**** Records for this exercise
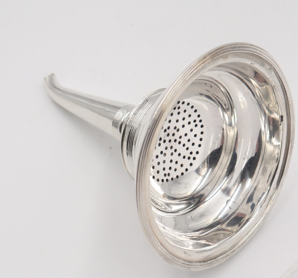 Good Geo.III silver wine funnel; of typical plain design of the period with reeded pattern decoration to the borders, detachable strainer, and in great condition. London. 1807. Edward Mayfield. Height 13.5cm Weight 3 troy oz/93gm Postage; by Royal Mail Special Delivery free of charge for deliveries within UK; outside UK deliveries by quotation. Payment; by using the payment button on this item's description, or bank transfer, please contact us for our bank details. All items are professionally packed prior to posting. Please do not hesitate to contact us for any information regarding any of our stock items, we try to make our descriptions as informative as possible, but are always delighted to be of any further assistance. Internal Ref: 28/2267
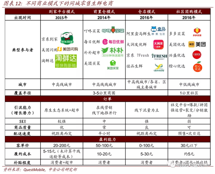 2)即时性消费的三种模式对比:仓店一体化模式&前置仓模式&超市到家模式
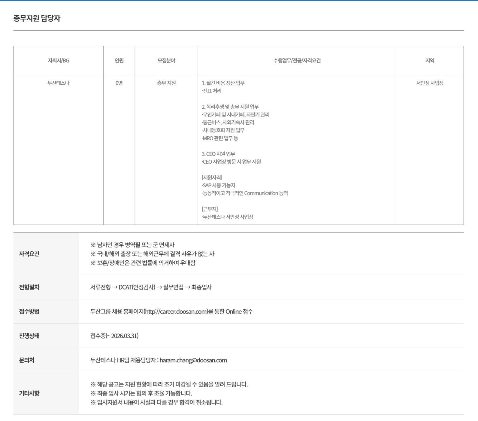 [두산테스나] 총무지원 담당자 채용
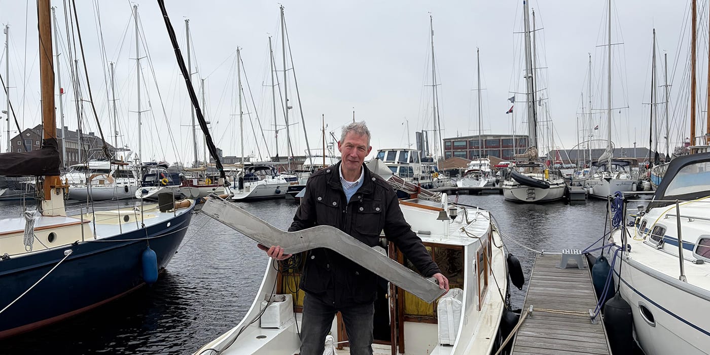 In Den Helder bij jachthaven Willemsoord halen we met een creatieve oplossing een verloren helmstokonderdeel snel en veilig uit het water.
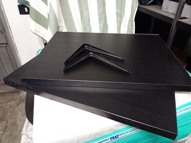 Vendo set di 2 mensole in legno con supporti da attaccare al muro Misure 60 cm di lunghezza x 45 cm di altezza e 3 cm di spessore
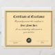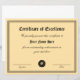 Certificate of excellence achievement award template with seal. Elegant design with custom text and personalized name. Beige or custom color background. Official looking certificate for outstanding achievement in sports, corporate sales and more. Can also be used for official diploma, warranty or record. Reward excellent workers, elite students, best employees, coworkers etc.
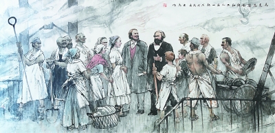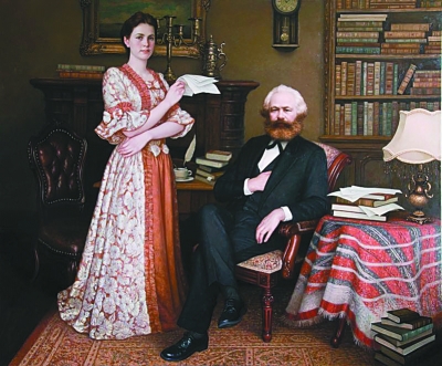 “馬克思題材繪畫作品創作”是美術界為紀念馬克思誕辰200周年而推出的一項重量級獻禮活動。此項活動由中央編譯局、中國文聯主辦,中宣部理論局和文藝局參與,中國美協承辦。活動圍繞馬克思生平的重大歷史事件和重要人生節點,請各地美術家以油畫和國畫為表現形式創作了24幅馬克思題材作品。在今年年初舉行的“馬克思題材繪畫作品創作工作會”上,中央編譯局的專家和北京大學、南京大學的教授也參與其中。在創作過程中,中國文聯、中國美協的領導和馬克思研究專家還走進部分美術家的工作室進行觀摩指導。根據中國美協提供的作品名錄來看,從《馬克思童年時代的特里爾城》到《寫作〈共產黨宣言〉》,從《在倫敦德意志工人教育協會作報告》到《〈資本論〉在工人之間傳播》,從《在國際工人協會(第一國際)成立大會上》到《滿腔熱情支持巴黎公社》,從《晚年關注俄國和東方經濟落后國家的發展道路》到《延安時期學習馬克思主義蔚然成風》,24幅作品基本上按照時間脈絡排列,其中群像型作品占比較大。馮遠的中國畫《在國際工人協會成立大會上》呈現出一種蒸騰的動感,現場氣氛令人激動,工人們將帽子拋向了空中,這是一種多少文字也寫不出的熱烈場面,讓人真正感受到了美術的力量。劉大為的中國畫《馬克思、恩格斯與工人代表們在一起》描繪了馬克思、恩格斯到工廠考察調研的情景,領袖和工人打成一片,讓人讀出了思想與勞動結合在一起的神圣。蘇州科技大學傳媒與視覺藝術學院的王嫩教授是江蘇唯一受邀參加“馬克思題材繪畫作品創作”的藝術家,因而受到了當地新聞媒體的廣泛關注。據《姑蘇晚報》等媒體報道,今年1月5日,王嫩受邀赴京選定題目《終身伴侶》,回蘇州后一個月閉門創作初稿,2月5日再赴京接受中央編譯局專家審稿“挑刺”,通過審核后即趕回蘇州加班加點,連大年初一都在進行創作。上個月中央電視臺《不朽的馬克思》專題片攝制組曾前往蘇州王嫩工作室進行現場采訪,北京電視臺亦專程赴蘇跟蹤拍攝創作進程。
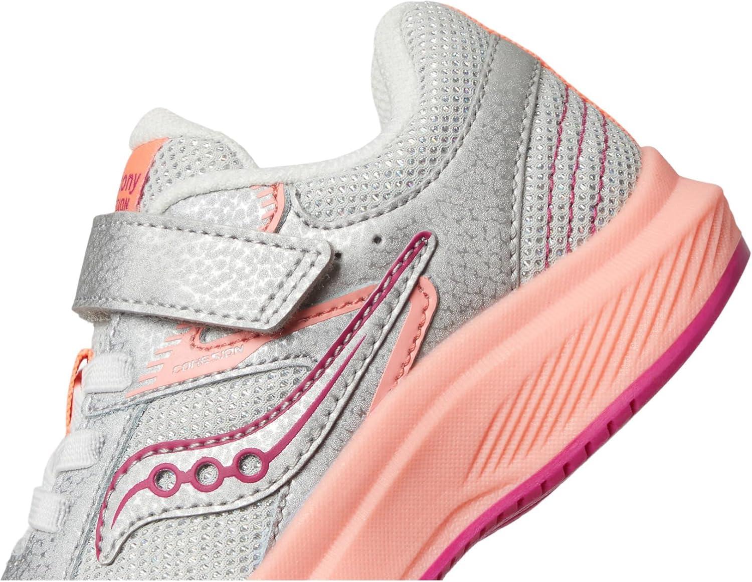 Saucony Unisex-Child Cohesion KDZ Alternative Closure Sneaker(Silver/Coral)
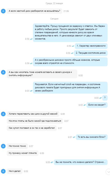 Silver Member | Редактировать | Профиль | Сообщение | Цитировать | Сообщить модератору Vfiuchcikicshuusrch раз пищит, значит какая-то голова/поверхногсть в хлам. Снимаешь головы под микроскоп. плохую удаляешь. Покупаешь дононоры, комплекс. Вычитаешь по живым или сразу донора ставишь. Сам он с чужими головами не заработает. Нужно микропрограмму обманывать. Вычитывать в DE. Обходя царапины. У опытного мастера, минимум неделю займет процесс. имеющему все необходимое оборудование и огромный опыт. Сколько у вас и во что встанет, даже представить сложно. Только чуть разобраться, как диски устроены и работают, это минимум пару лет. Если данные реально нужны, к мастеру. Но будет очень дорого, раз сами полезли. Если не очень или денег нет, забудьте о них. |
********
The task >> A word-for-word copy of the lines from the start of the listing through the line containing "Certificate of excellence" is the answer. Pictures stay out of it.

Solution for this exercise >>
 Good Geo.III silver wine funnel; of typical plain design of the period with reeded pattern decoration to the borders, detachable strainer, and in great condition. London. 1807. Edward Mayfield. Height 13.5cm Weight 3 troy oz/93gm Postage; by Royal Mail Special Delivery free of charge for deliveries within UK; outside UK deliveries by quotation. Payment; by using the payment button on this item's description, or bank transfer, please contact us for our bank details. All items are professionally packed prior to posting. Please do not hesitate to contact us for any information regarding any of our stock items, we try to make our descriptions as informative as possible, but are always delighted to be of any further assistance. Internal Ref: 28/2267
 2)即时性消费的三种模式对比:仓店一体化模式&前置仓模式&超市到家模式
 [두산테스나] 총무지원 담당자 채용
 In Den Helder bij jachthaven Willemsoord halen we met een creatieve oplossing een verloren helmstokonderdeel snel en veilig uit het water.
 Vendo set di 2 mensole in legno con supporti da attaccare al muro Misure 60 cm di lunghezza x 45 cm di altezza e 3 cm di spessore
 Certificate of excellence achievement award template with seal. Elegant design with custom text and personalized name. Beige or custom color background. Official looking certificate for outstanding achievement in sports, corporate sales and more. Can also be used for official diploma, warranty or record. Reward excellent workers, elite students, best employees, coworkers etc.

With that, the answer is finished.